Provided data below:
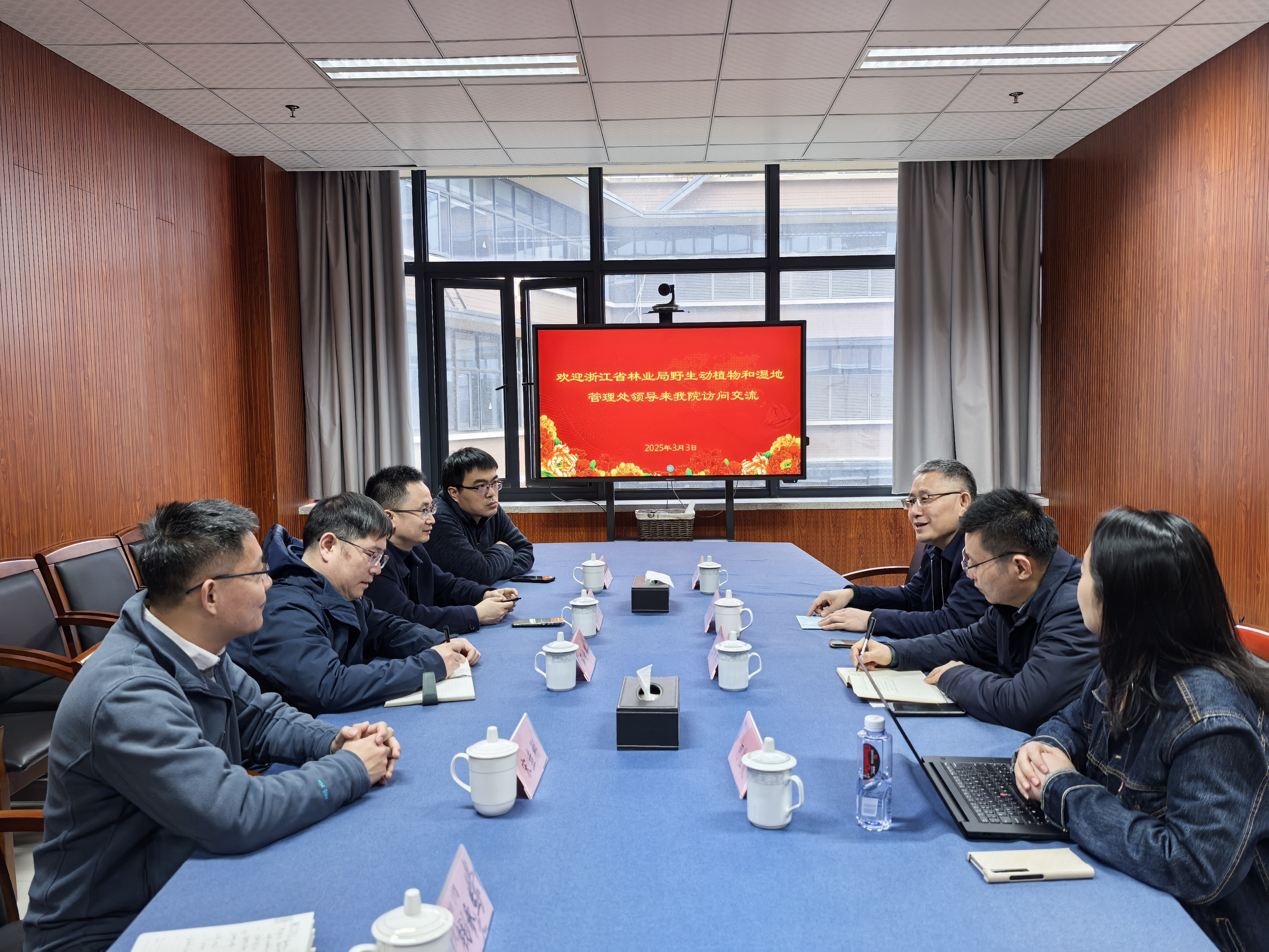 近日,浙江省林业局野生动植物和湿地管理处处长洪流、副处长张松才等一行来做爱自拍 访问交流,就湿地人才挂职、野生动植物保护、湿地生态修复及产学研合作等议题进行深入交流。院长薛大伟、党委书记江齐里、人事处副处长胡潭高、副院长宋垚彬及动物标本馆馆长金斌松等陪同接待并参与座谈。
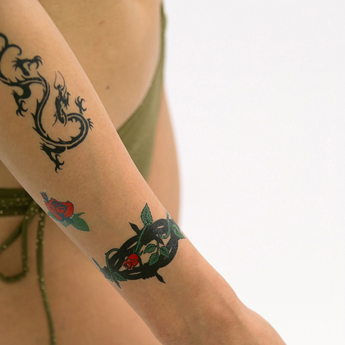 入浴したり、海やプールに入っても2、3日は取れません!あなたならどこに貼る?SM女王様風に胸元?ほのかにセクシーな首筋?クールに決まる腕?小悪魔ちっくな足首?パーティーに、お祭りに、イベントに、大活躍!あなたの個性で選んでね!
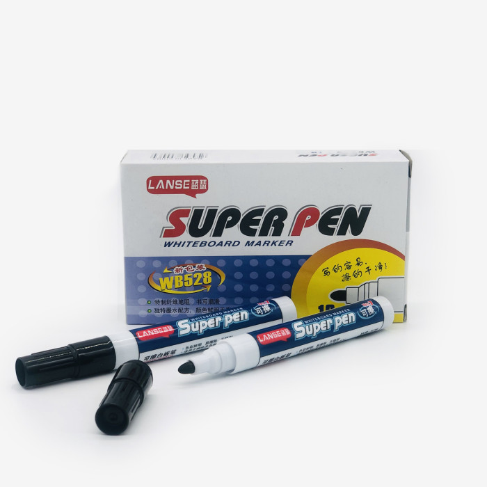Черный сухостираемый маркер "Super Pen" WB-528 предназначен для письма на белых маркерных досках. Чернила обладают высокой контрастностью, обеспечивая четкие и хорошо видимые надписи. Легко стирается без следов сухой губкой или салфеткой. Эргономичный корпус с клипсой для удобного использования и хранения. Идеальный выбор для офисных совещаний, учебных занятий и презентаций.
End of Provided data.
What you are asked to do.
Nothing but the lines from the one that holds "入浴したり、海やプールに入っ" through the end of the data should appear, written out exactly, without pictures.

Task answer.
 入浴したり、海やプールに入っても2、3日は取れません!あなたならどこに貼る?SM女王様風に胸元?ほのかにセクシーな首筋?クールに決まる腕?小悪魔ちっくな足首?パーティーに、お祭りに、イベントに、大活躍!あなたの個性で選んでね!
Черный сухостираемый маркер "Super Pen" WB-528 предназначен для письма на белых маркерных досках. Чернила обладают высокой контрастностью, обеспечивая четкие и хорошо видимые надписи. Легко стирается без следов сухой губкой или салфеткой. Эргономичный корпус с клипсой для удобного использования и хранения. Идеальный выбор для офисных совещаний, учебных занятий и презентаций.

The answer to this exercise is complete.